- _PROBLEM TO SOLVE_:
In the data below, find the line containing "300g de filé" and the line containing "#быстро #вкусно #просто", then reproduce them and every line between, exactly. Omit pictures.
START RECORDS SUPPLIED
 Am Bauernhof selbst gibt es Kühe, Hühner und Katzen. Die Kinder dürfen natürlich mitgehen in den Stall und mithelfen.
END RECORDS SUPPLIED
START RECORDS SUPPLIED
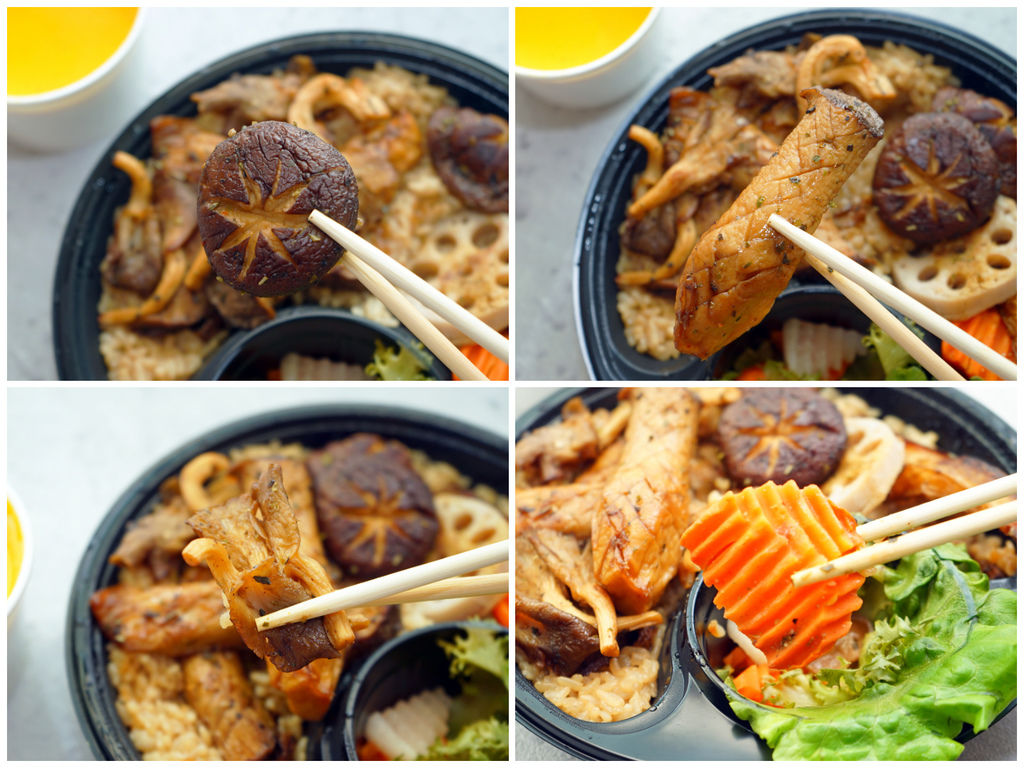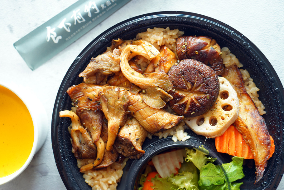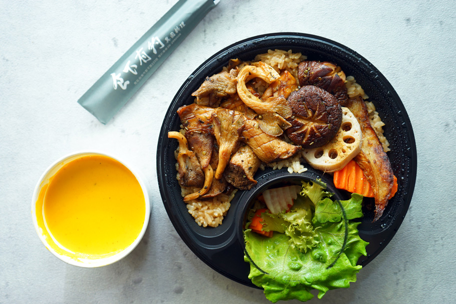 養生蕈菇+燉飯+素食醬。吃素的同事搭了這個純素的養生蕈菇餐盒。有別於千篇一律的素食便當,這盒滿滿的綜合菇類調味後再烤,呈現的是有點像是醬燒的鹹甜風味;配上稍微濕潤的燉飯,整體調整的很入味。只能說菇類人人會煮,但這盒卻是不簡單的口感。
END RECORDS SUPPLIED
START RECORDS SUPPLIED
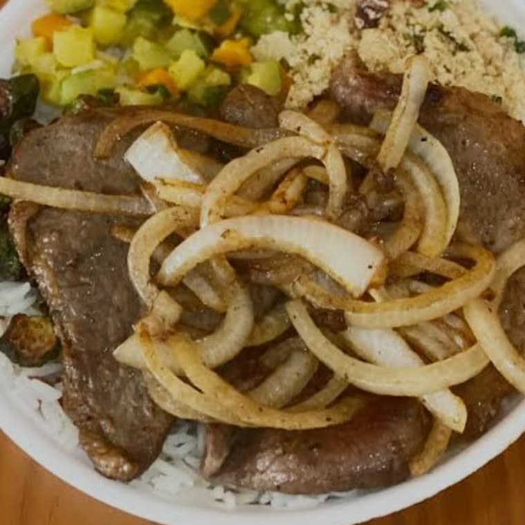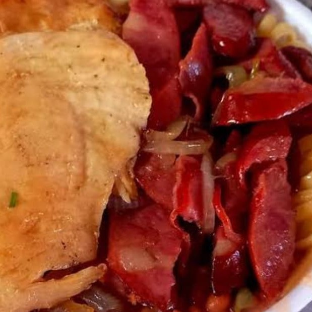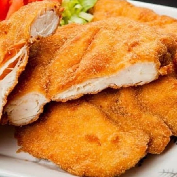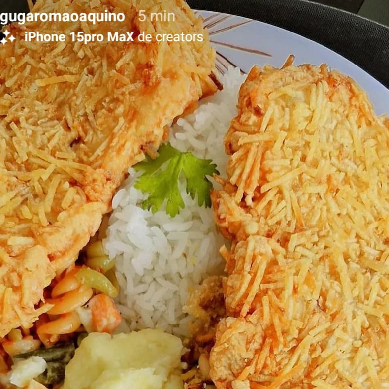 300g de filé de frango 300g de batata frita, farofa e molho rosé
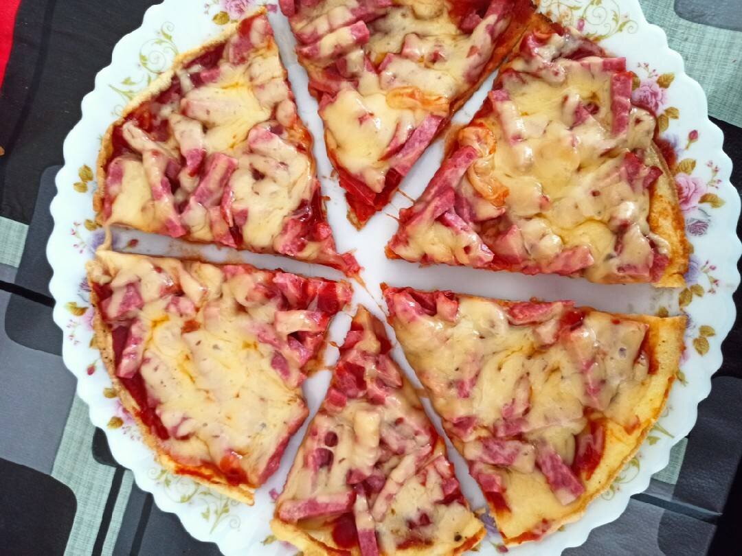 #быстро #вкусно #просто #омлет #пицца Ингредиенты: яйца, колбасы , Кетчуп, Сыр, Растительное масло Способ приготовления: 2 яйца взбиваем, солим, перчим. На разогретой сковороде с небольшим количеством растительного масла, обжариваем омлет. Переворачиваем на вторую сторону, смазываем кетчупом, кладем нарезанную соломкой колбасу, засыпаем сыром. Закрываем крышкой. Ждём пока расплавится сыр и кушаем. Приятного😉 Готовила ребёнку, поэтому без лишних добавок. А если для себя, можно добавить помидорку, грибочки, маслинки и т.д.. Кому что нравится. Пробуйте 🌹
END RECORDS SUPPLIED
- _RESULT_:
 300g de filé de frango 300g de batata frita, farofa e molho rosé
 #быстро #вкусно #просто #омлет #пицца Ингредиенты: яйца, колбасы , Кетчуп, Сыр, Растительное масло Способ приготовления: 2 яйца взбиваем, солим, перчим. На разогретой сковороде с небольшим количеством растительного масла, обжариваем омлет. Переворачиваем на вторую сторону, смазываем кетчупом, кладем нарезанную соломкой колбасу, засыпаем сыром. Закрываем крышкой. Ждём пока расплавится сыр и кушаем. Приятного😉 Готовила ребёнку, поэтому без лишних добавок. А если для себя, можно добавить помидорку, грибочки, маслинки и т.д.. Кому что нравится. Пробуйте 🌹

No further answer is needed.